[Your goal] Each line below should be repeated exactly, but no picture should be carried over.

[Dataset extract]

▬▬▬

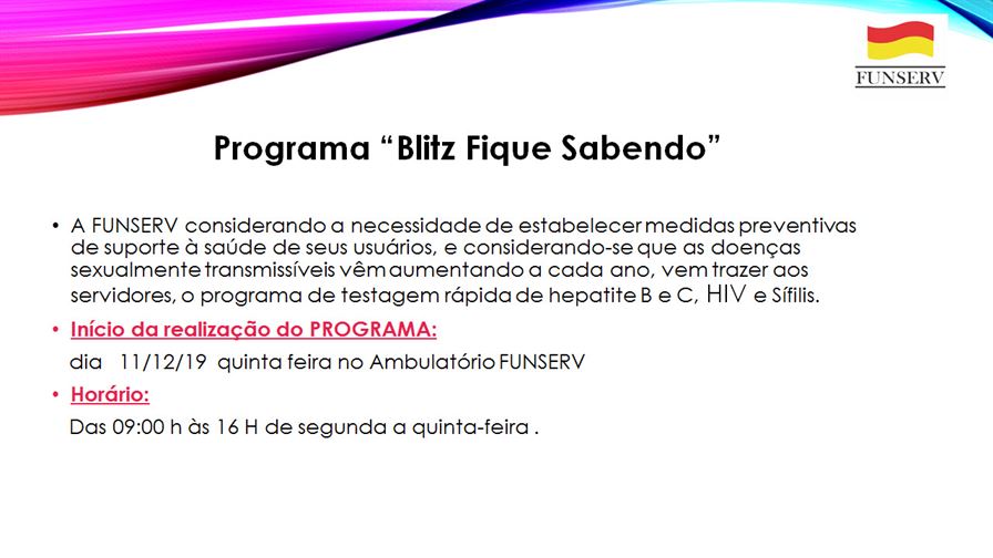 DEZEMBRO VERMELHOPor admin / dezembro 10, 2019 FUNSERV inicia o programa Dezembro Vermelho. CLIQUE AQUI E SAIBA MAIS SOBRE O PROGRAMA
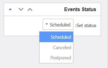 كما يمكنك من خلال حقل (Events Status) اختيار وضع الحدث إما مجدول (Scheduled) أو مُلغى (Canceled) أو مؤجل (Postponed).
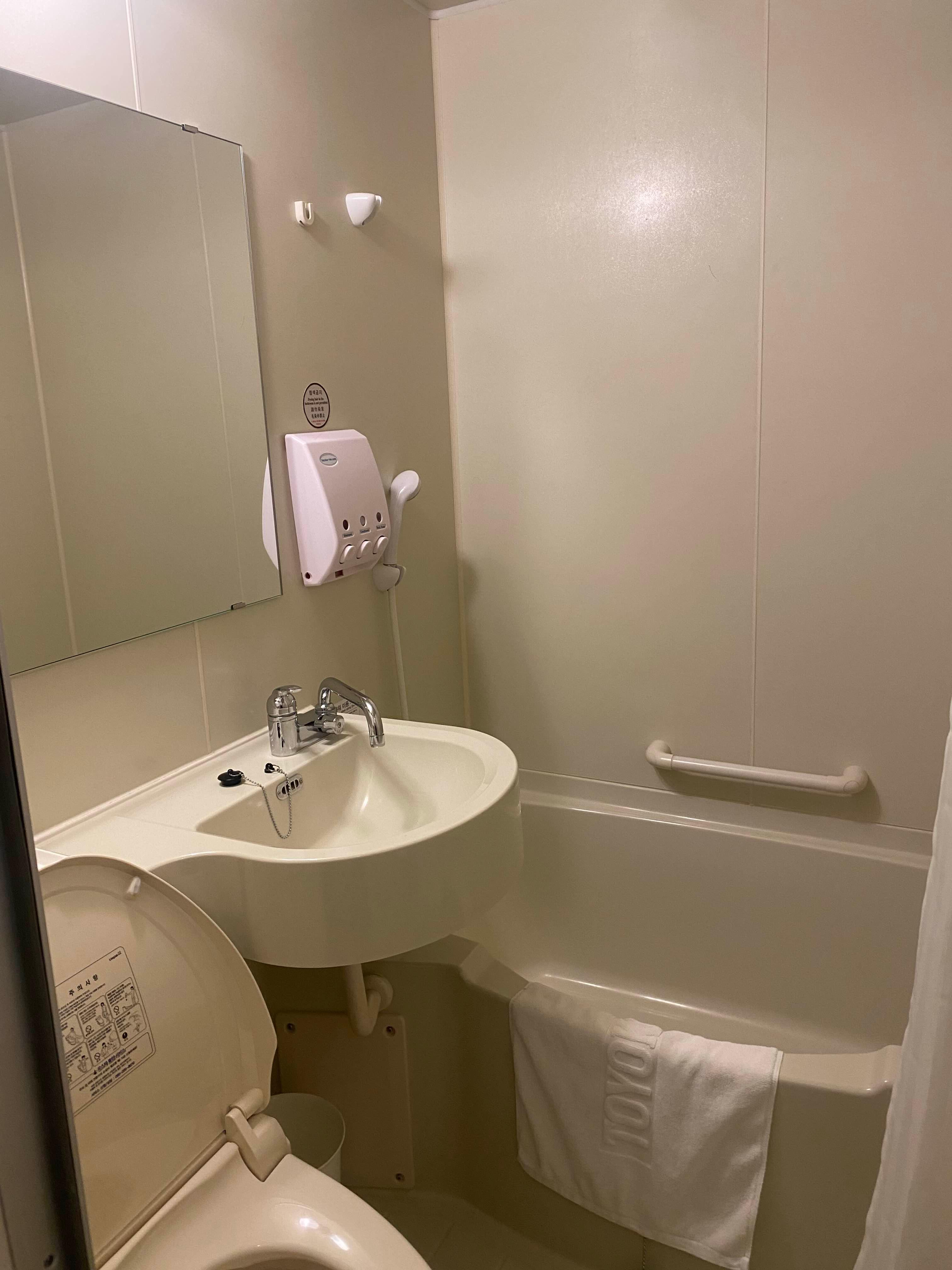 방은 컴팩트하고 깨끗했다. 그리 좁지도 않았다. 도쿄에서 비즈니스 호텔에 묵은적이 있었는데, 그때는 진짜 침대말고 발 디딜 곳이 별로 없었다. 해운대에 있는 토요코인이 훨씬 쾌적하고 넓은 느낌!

▬▬▬

[Result of this task]
 DEZEMBRO VERMELHOPor admin / dezembro 10, 2019 FUNSERV inicia o programa Dezembro Vermelho. CLIQUE AQUI E SAIBA MAIS SOBRE O PROGRAMA
 كما يمكنك من خلال حقل (Events Status) اختيار وضع الحدث إما مجدول (Scheduled) أو مُلغى (Canceled) أو مؤجل (Postponed).
 방은 컴팩트하고 깨끗했다. 그리 좁지도 않았다. 도쿄에서 비즈니스 호텔에 묵은적이 있었는데, 그때는 진짜 침대말고 발 디딜 곳이 별로 없었다. 해운대에 있는 토요코인이 훨씬 쾌적하고 넓은 느낌!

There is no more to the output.